Australian great calls for batting uncertainty not to influence 'keeping selection

Former Australian Test 'keeper Ian Healy has reaffirmed his belief that selectors will revert back to Peter Nevill behind the stumps for the Magellan Ashes, but says he disapproves of the current treatment of Australian glovemen by national selectors.

Speaking to SEN Breakfast, Healy tipped decision-makers to give the nod to the NSW 'keeper after dropping incumbent Matthew Wade during Australia's one-day tour of India, in part for his failure to fire with the bat.

Both players hit centuries in Premier Cricket outings across the weekend, setting up a massive showdown with the bat across the first three rounds of JLT Sheffield Shield cricket.

Healy, a long-time advocate of Nevill's glovework which he again said was "the best in the country," lamented the NSW 'keeper was dropped from the Test team in the first place.

"I think Peter Nevill has a greater grasp on the technical aspects of wicketkeeping. For some reason he got dropped a year ago and now Matthew Wade is on the improve having had a better Test in Bangladesh, but he's still not batting the way he can," Healy said.

"He's improving and we're going to drop him.

"That's the dilemma and the agenda that you need to be aware of with what is going on in there."

The Queensland great said the decision to axe – and immediately recall – Wade in India highlighted the chop-and-change nature that had characterised Australia's selections in recent times.

"I think they sort of disrespected Wadey a little bit in India, dropping him for one one-day game and then bringing him back, that's not the respect that you think a 'keeper that's going to be in the Ashes deserves," Healy added.
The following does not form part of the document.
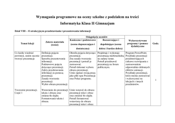 Wymagania programowe na oceny szkolne z podziałem na treści Informatyka Klasa II Gimnazjum Dział VIII – O atrakcyjnym przedstawianiu i prezentowaniu informacji Temat lekcji Zakres materiału (treści) Osiągnięcia uczniów Konieczne i podstawowe Rozszerzające i (ocena dopuszczająca i dopełniające (ocena dostateczna) dobra i bardzo dobra) Co każdy wiedzieć Definicja pojęcia powinien, zanim zacznie prezentacji. tworzyć prezentacje Sposoby prezentowania informacji. Podstawowe pojęcia dotyczące prezentacji. Zalety przedstawiania informacji za pomocą prezentacji. Zasady tworzenia prezentacji. Wybór obrazu prezentacji. Określa pojęcia dotyczące prezentacji. Zna zasady tworzenia prezentacji i potrafi je zastosować. Potrafi dokonać wyboru obrazu prezentacji. Umie zapisać swoją pracę jako plik typu Prezentacja oraz Pokaz programu. Projektuje i wykonuje prezentację multimedialną na zadany temat. Potrafi przedstawić prezentację na forum publicznym. Tworzenie prezentacji. Część 1 Umie wstawić do obrazu prezentacji tekst i obraz oraz zmienić tło slajdu. Potrafi formatować wstawiony do obrazu prezentacji tekst i obraz. Wstawianie do prezentacji tekstu i obrazu oraz zmiana tła slajdu. Formatowanie tekstu i obrazu. Wykorzystywane programy i pomoce dydaktyczne Program PowerPoint. Przykłady prezentacji przedstawiających ciekawe rozwiązania z zastosowaniem odpowiednio dobranych efektów animacji. Przykłady prezentacji, które można zastosować i wykorzystać na lekcjach z innych przedmiotów. Godz. 1 Tworzenie prezentacji. Część 2 Zastosowania animacji do elementów obrazu prezentacji. Wprowadzanie wykresu i jego formatowanie. Potrafi dodać animację do slajdów. Wie, jak wstawić wykres do obrazu prezentacji i jak go formatować. Potrafi dodać, usunąć lub zmienić slajd. Dodawanie, usuwanie i zmiana miejsca slajdu w prezentacji. Automatyczne przejścia slajdów w prezentacji. Prezentacja z zastosowaniem hiperłącza. Co każdy wiedzieć Korzyści z przedstawiania powinien, zanim zacznie informacji na stronach tworzyć własną stronę WWW. WWW Podstawowe pojęcia związane ze strukturą tworzonego dokumentu. Konstrukcja nagłówka dokumentu, głównej jego części. Język HTML – tworzenie stron WWW. Określa korzyści z przedstawiania informacji za pomocą stron WWW. Określa pojęcia związane ze strukturą tworzonego dokumentu (elementy, tagi i znaczniki). Potrafi konstruować nagłówek dokumentu (sekcja; Head, Title oraz Meta). Określa zasady tworzenia głównej części dokumentu (sekcja Body). Programuje pokaz w odpowiednim odstępie czasowym. Potrafi wykonać prezentację z wykorzystaniem hiperłącza między poszczególnymi jej obrazami. Potrafi wstawić na stronę plik dźwiękowy (bgsound src...). Potrafi wstawić na stronę plik wideo (bgsound src...). Projektuje stronę WWW na wskazany temat. 1 Program Notatnik. Program Internet Explorer. Przykłady ciekawych rozwiązań dotyczących właściwej budowy i konstrukcji stron WWW (własne propozycje oraz adresy internetowe). 1 Komendy języka HTML. Komendy zmieniające tło Część 1 dokumentu. Komendy formatujące wstawiony tekst. Komendy zmieniające marginesy. Komendy zmieniające położenie obiektu na stronie. Komendy budujące odsyłacze. Komendy zmieniające kolor odsyłaczy. Potrafi zmienić tło Umie zmienić kolor dokumentu (bgcolor, odsyłaczy (a link, v link). background). Potrafi wstawić i formatować tekst (font size, color, face, b, i, u...). Potrafi zmienić marginesy strony (left–right–top– bottommargin). Potrafi zmienić położenie obiektu na stronie (palign–center–left–right). Potrafi zbudować odsyłacze (a href...). Komendy języka HTML. Komendy animujące Część 2 obiekty. Komendy wstawiające linie. Komendy tworzące listy numerowane. Komendy tworzące listy wypunktowane. Wprowadzanie pliku dźwiękowego. Wprowadzanie pliku wideo. Umie animować obiekty (marquee...). Potrafi wstawić i formatować linie (hr size– color...). Potrafi wstawić i formatować listy numerowane (ol, li). Potrafi wstawić i formatować listy wypunktowane (ul, li). Komendy języka HTML. Komendy wstawiające Część 3 obraz. Komendy wstawiające Potrafi wstawić i formatować obraz (img src). 1 Potrafi wstawić plik dźwiękowy. Potrafi wstawić plik wideo. 1 1 tabele. Komendy języka HTML. Zasady i konstruowanie Część 4 dokumentów złożonych. Komendy języka HTML. Komendy tworzące Część 5 pływające ramki. Komendy tworzące formularze. Materiały multimedialne Nagrywanie dźwięku, –Rejestrator dźwięku odtwarzanie dźwięku, systemu Windows modyfikacja plików dźwiękowych, wstawianie plików dźwiękowych do dokumentów. Materiały multimedialne – program Windows Wybór klipów, Movie Maker wprowadzenie przejść i efektów wideo, wprowadzanie napisów, wprowadzanie pliku audio. Potrafi wstawić i formatować tabele (table, tr, td...). Umie zastosować hiperłącza bez budowy stron w tzw. układzie ramki. Potrafi wstawić do strony WWW podstawowe elementy wchodzące w skład formularza. Wie, jak konstruować dokumenty złożone – ramki (frameset, frame src...). Wie, jak stworzyć pływające ramki (i frame...). Wie, jak budować formularze (form, input, select name...). Potrafi nagrać i odtwarzać Potrafi miksować dźwięk przy pomocy dźwięki. programu. Potrafi wprowadzać do Umie dokonać pokazu plik dźwiękowy. modyfikacji dźwięku. Wie, jak wstawić plik dźwiękowy do różnych dokumentów. Potrafi wybrać i zaimportować do programu właściwe pliki graficzne. Potrafi wprowadzić i zastosować odpowiednie przejścia pomiędzy obrazami. Umie wprowadzić napisy początkowe i końcowe. Sprawdzenie poziomu opanowania przez uczniów wiadomości i umiejętności. 1 1 Rejestrator dźwięku systemu Windows. Program Windows Movie M aker.. Własne projekty plików wideo. Obrazy i fotografie do tworzenia plików wideo. 1 1 Dział IX – O tworzeniu i obróbc

"I sense that they might be going back to Nevill."

Whilst conceding runs are among the key criteria in selecting modern-day 'keepers, Healy said he believed Australia's current crop of glovemen were paying the price for the side's persistent struggles at number six, whilst also contending with the legacy of the greatest wicketkeeper-batsman of all time in Adam Gilchrist.

"The disruptions to the top order is putting a whole lot of pressure on the wicketkeeping selection, and it shouldn't. The wicketkeeper needs to be that 'keeper that can average 30, they don't need to average 45 like Gilly," he said.

"The quandary we've got at the moment is we do not know our number six. We've got a brand new number two (in Matthew Renshaw), (Peter) Handscomb brand new at five, and (Usman) Khawaja's been in and out, in and out.

"Gilly averaged well into the forties, so that's the pressure every 'keeper is under after that.

"Thirty is what you need. Someone to average 30, make handy runs when we absolutely need them and make sure your top six do their job."

Healy said he welcomed the increased attention the race for Test positions was having on domestic cricket.

Referencing the centuries scored by Nevill and Wade in Premier cricket last weekend, the 53-year old said he was looking forward to seeing who jumped out of the pack for the start of the Shield season on Thursday.

"Isn't it great that club cricket means something, and Shield cricket – the first three rounds of Shield is going to mean a whole lot to Pete Nevill, Matthew Wade Alex Carey, Jimmy Peirson for that wicketkeeper's spot, as well as the number six batting spot," he said.

"Whoever's in the best form will play number six."